|Long gone are the days of growing cannabis with a simple on-off light switch and a manually managed light schedule. Large-scale commercial operations rely on much more than intuition these days; using high-tech mobile apps for remote management and in-depth analysis of historical light information. |
In fact, growers are now using technology to learn intimate details about the light requirements of specific strains and then making minute adjustments to produce individualized LED light recipes that their forefathers could only dream about. The science of light has gotten a lot more complicated in recent years, thanks in part to the continued drive of cannabis growers to increase yields of their indoor operations. No longer are indoor facilities installed with lights built strictly for the benefit of human eyes; these days LED lights focus entirely on benefits for the plant.
Energy monitoring and instant access to historical data allow companies to predict expenditures and accurately predict crop yields. Many advanced LED lighting solutions, such as through Cortex, allow for automated scheduling and the ability to partition different crops areas onto different light schedules.
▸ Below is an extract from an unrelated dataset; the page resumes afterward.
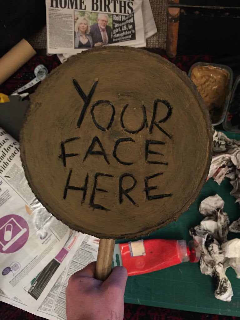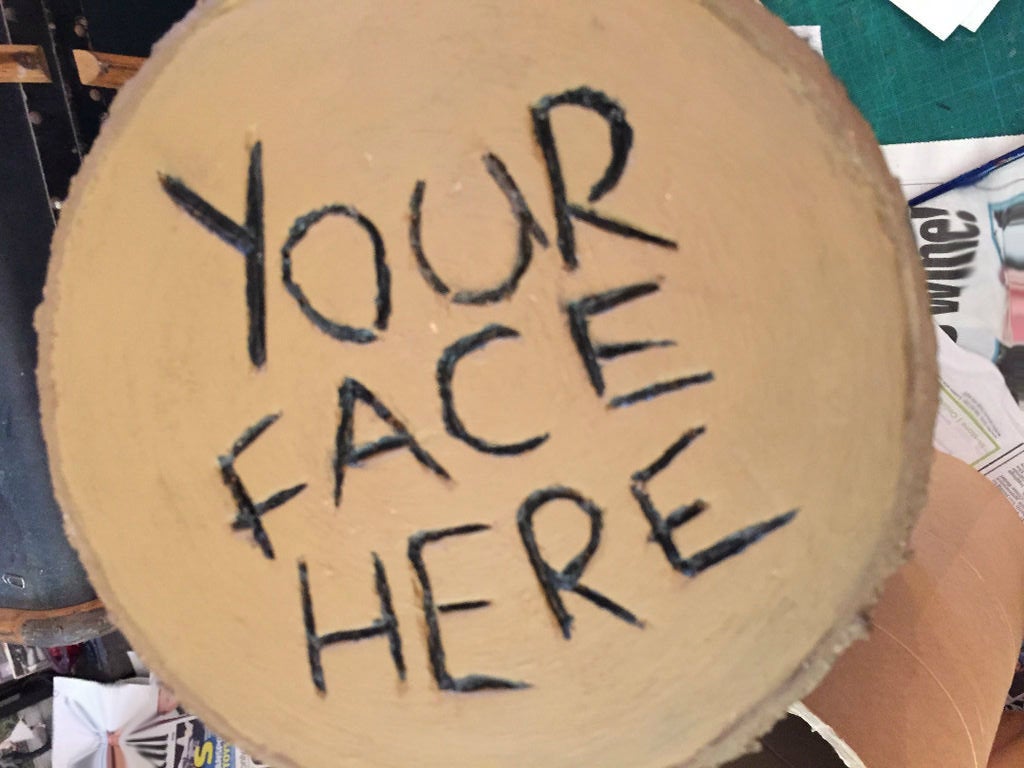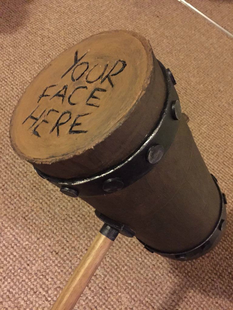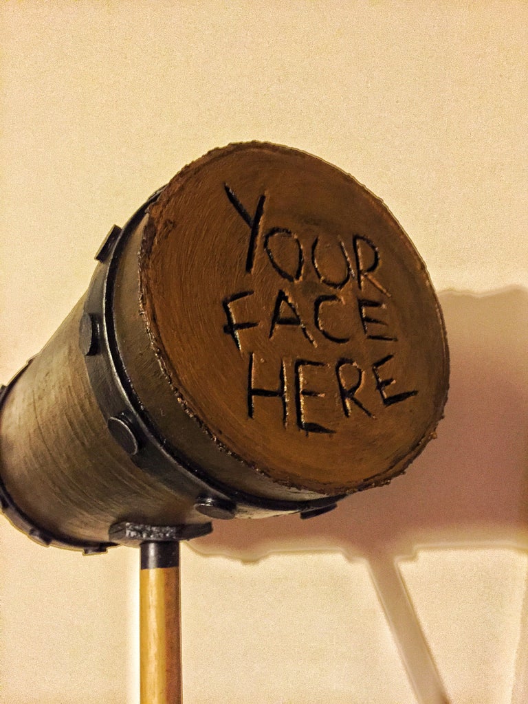 So i marked out the words 'your face here' on the blank end of the hammer and carved it out with a sharp scalpel.

|Evolving Science Around LED Light Recipes|
Light science has been around for decades but mainly applied to urban indoor vegetable farms. This research has moved beyond the development of leafy, green lettuces and is now focused on the booming cannabis market. The ultimate goal of marijuana producers is to improve cannabis biomass during the flowering stage. Growers discovered long ago that the spectrum of light that works for high-yield micro green operations requires alteration to fit the marijuana natural growth cycle.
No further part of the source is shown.